We bootstrapped a new team that was integrated into a larger ecosystem with over 400 engineers, in a company with over 2000 employees distributed across multiple verticals (engineering, logistics, operations, finance, legal, human resources, among others…). The main focus of this new team was to plan and implement internationalisation across all the customer-facing apps and some internal tooling, enabling these to display different propositions in multiple languages and markets. One critical factor to keep in mind is that this engineering branch was growing quickly, and was expected to become even larger in the upcoming months, as the company expanded into new markets and acquired other companies in the process.
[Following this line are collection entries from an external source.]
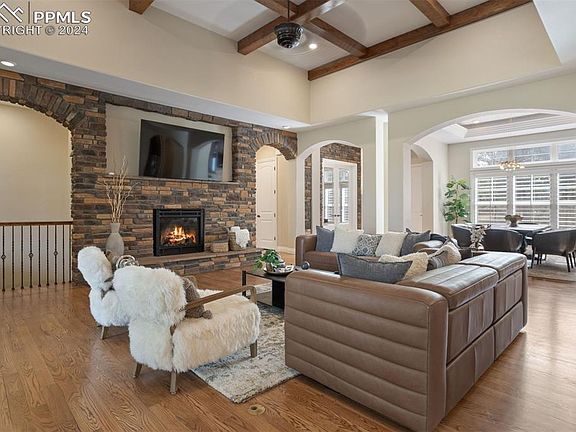 This beautiful ranch-style home in "The Hidden Forest" community of Sage Port, crafted as the builder's personal residence, promises sophisticated living amid a serene forest of towering ponderosa pines. Built with quality upgrades and features, such as detailed stonework, high ceilings in different styles, and a layout designed for peace and privacy. The home is also conveniently positioned within easy driving distances — less than 20 minutes to Castle Rock, 30 minutes to the DTC and Centennial Airport, and less than an hour from DIA. Bear Dance Golf Course, home of the Colorado PGA, is so close you could ride your golf cart to it, and Perry Park Country Club is only a few miles away. Inside, the home features a great room with a prominent stone fireplace and a 14-foot beamed, coffered ceiling, leading into an expansive outdoor living area with both covered and open patios. The gourmet kitchen is equipped with high-end finishes including maple cabinetry, granite countertops, and stainless-steel appliances, alongside a spacious dining area with a built-in granite buffet. The primary bedroom suite offers a private retreat with a spa-like bathroom and direct patio access, complemented by additional ensuite bedrooms and a large recreation room on the lower level. Whether a year-round residence or vacation home, you’re ensured a lifestyle of comfort and refinement.
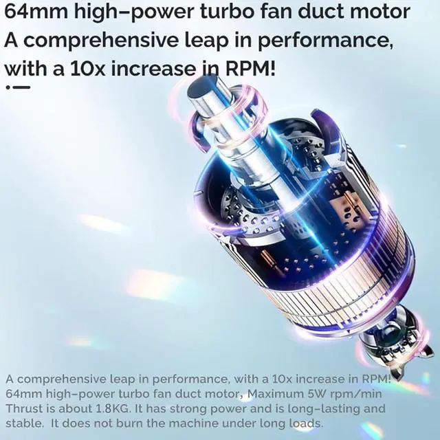 High Efficiency: The air duster blower fan is equipped with an advanced 64mm channel turbo design, delivering an impressive thrust of up to 1800g for rapid and effective cleaning and drying tasks. The high powered airflow ensures quick results, allowing you to tackle various surfaces with ease.
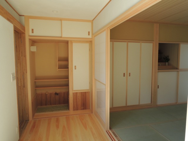 その2枚の襖は、水屋左脇の細長い収納にしまえます。
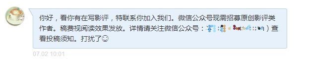 这是我在简书写了第四篇影评后收到的约稿。但是他要首发,我当时正调到总公司太忙就没写了。
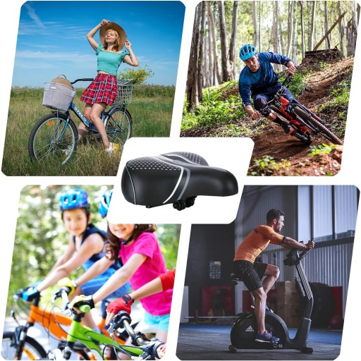 Bardzo szeroki rozmiar, duża powierzchnia do siedzenia, pianka z pamięcią kształtu, powolne odbicie, wygodny, nie męczy się po długim siedzeniu, nadaje się do jazdy rekreacyjnej na długich dystansach.

This meant the solution had to apply to multiple different technologies and be scalable to accommodate future expansion.

Kicking things off

When we got onboarded onto the project, our main concern was gathering as much information as possible to understand the business, the structure of the company, the existing codebase, and how this codebase was maintained and developed.

During this period we made a couple of valuable discoveries, that would be crucial to our decision-making moving forward.

We wanted to devise and implement a single strategy for different codebases, written in different languages and frameworks, these being:

Next.js with TypeScript applications that powered the customer-facing side of the website;
React with TypeScript applications for small pieces of logic that are integrated onto the main apps;
React with TypeScript micro frontends that were used across the main apps and which shared dependencies with them;
Laravel application for operations management and product preparation.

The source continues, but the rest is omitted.